▸ PROBLEM DESCRIPTION
The goal is an unaltered copy of the records below, minus any images.

····················

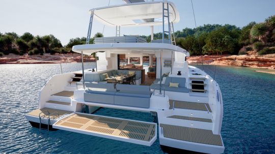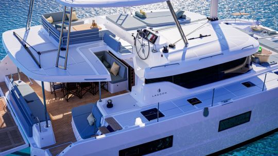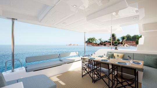Die Lagoon 47 stützt sich auf drei klar voneinander abgegrenzte Außenbereiche, die sich gegenseitig ergänzen. Das 16 m2 große Achtercockpit bleibt das Zentrum des Geschehens und bietet Platz für eine Familiencrew oder eine Chartergruppe. Die Zugänge zu den Schürzen erleichtern die Bewegungen beim Ankern.
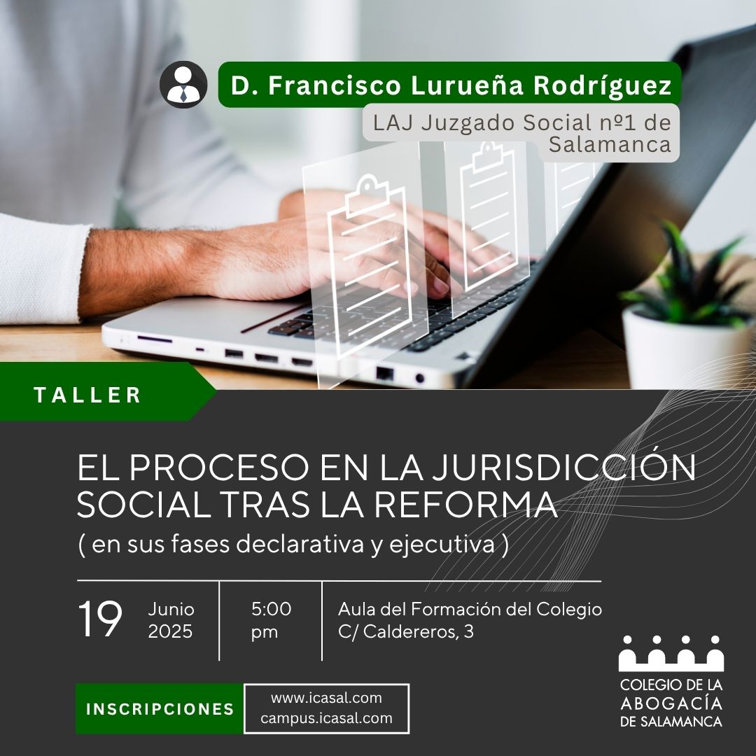 Este taller será una oportunidad para analizar los cambios desde una perspectiva práctica, resolver dudas y compartir experiencias. Será impartido por D. Francisco Lurueña Rodríguez, Letrado de la Administración de Justicia del Juzgado de lo Social nº 1 de Salamanca, moderado por nuestro compañero, D. Maximiano Vallejo Llamas, miembro de la Comisión de Formación y presentado por D. Miguel del Castillo Alonso, Decano del Colegio de la Abogacía de Salamanca.
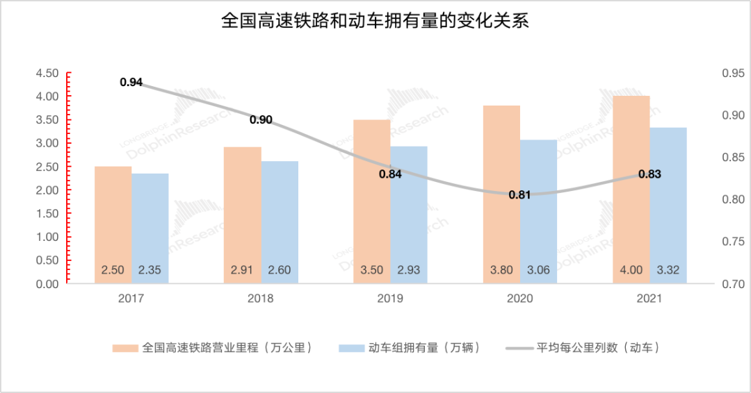 根据国家铁路局最新的数据,2021年全国高速铁路营业里程首次突破4万公里。随着高铁建设的推进,动车组的增加提升了对电气牵引系统的需求。2017-2021年间,全国高铁营业里程从公2.5万公里成长至4万公里。与此同时,动车组拥有量也从2.35万辆增长至3.32万辆。从中可以看到动车组数目与里程数的比值,在0.8-0.9的范围左右。
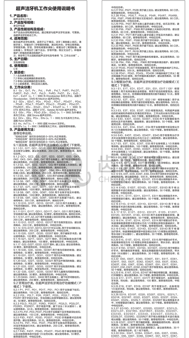 啄木鸟 超声洁牙机工作尖(牙周治疗P系列)5支/板
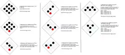Chaque joueur dispose de 17 jets qui sont joués de la façon suivante[5] :

····················

▸ EXERCISE RESULT
Die Lagoon 47 stützt sich auf drei klar voneinander abgegrenzte Außenbereiche, die sich gegenseitig ergänzen. Das 16 m2 große Achtercockpit bleibt das Zentrum des Geschehens und bietet Platz für eine Familiencrew oder eine Chartergruppe. Die Zugänge zu den Schürzen erleichtern die Bewegungen beim Ankern.
 Este taller será una oportunidad para analizar los cambios desde una perspectiva práctica, resolver dudas y compartir experiencias. Será impartido por D. Francisco Lurueña Rodríguez, Letrado de la Administración de Justicia del Juzgado de lo Social nº 1 de Salamanca, moderado por nuestro compañero, D. Maximiano Vallejo Llamas, miembro de la Comisión de Formación y presentado por D. Miguel del Castillo Alonso, Decano del Colegio de la Abogacía de Salamanca.
 根据国家铁路局最新的数据,2021年全国高速铁路营业里程首次突破4万公里。随着高铁建设的推进,动车组的增加提升了对电气牵引系统的需求。2017-2021年间,全国高铁营业里程从公2.5万公里成长至4万公里。与此同时,动车组拥有量也从2.35万辆增长至3.32万辆。从中可以看到动车组数目与里程数的比值,在0.8-0.9的范围左右。
 啄木鸟 超声洁牙机工作尖(牙周治疗P系列)5支/板
Chaque joueur dispose de 17 jets qui sont joués de la façon suivante[5] :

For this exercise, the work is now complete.